In 2001, Ratzinger persuaded Pope John Paul II to let him try to get the problem under control. He drafted a church law that required bishops to forward all credible allegations of abuse to the Vatican, where his office was made responsible for the cases.
He backed up American bishops who sought to adopt a “zero tolerance” policy that expelled priests who engaged in a single episode of sexual abuse. As John Paul reached the end of his pontificate in 2004, Ratzinger ordered a review of the pending cases in his department.
In 2005 for the Good Friday Via Crucis procession at Rome’s Colosseum, Ratzinger wrote, “How much filth there is in the church, especially among those who, in the priesthood, are supposed to belong totally” to Christ.
When he became pope, he disciplined — and ultimately defrocked — the Rev. Marcial Maciel Degollado, a serial abuser and the Mexican founder of the religious order the Legionaries of Christ. A prodigious fundraiser, Maciel had won the loyalty of Pope John Paul II and his inner circle, which had for years blocked Benedict’s efforts to investigate him.
“The issue is very mixed and complex,” said Marie Collins, an Irish survivor of abuse who resigned in frustration in 2017 from a Vatican commission on protecting minors created by Francis. She said that Benedict’s reading of so many cases as head of the doctrinal congregation made him “grasp the enormity of the problem when he became pope,” and that he brought in new procedures against sexual abuse.
Collins said that it was “unfair to make too much” of the mistakes he made in handling cases during his own personal ministry, when he was a bishop in Germany, but that Benedict, as pope, “didn’t do enough in-depth work on the issue or pursue it to the fullest.”
For many, he did not go nearly far enough.
Anne Barrett Doyle, a co-director of BishopAccountability.org, a victims advocacy and research group, said in a statement the day of Benedict’s death that he “left hundreds of culpable bishops in power and a culture of secrecy intact.”

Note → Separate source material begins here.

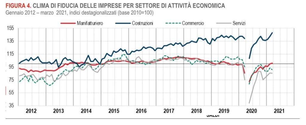 Aumento significativo anche per le costruzioni, dove il clima di fiducia passa da 139,1 a 143,1 e le attese di occupazione salgono a +7,5 rispetto al +2,3 di febbraio.
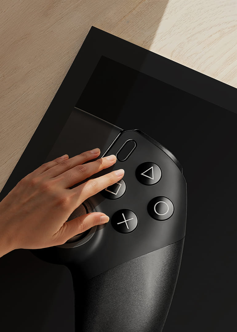 Motivet består av en närbild på en svart spelkontroll med tydliga, klassiska knappar mot en djup, mattsvart bakgrund. Detaljer och former framträder i mjuka skuggor och ren design. Den här postern passar både i gamingrum och moderna arbetsrum och ger en diskret teknisk känsla till inredningen.

On Tuesday evening in the Munich cathedral that Benedict led as bishop 40 years ago, the current archbishop, Reinhard Marx, began a Mass in honor of Benedict by inviting everyone to pray, including “those who have experienced abuse and suffering in the space of the church. All those who have received good gifts from Joseph Ratzinger. And all those who now, in this hour, trust that God’s goodness and mercy will heal everything.”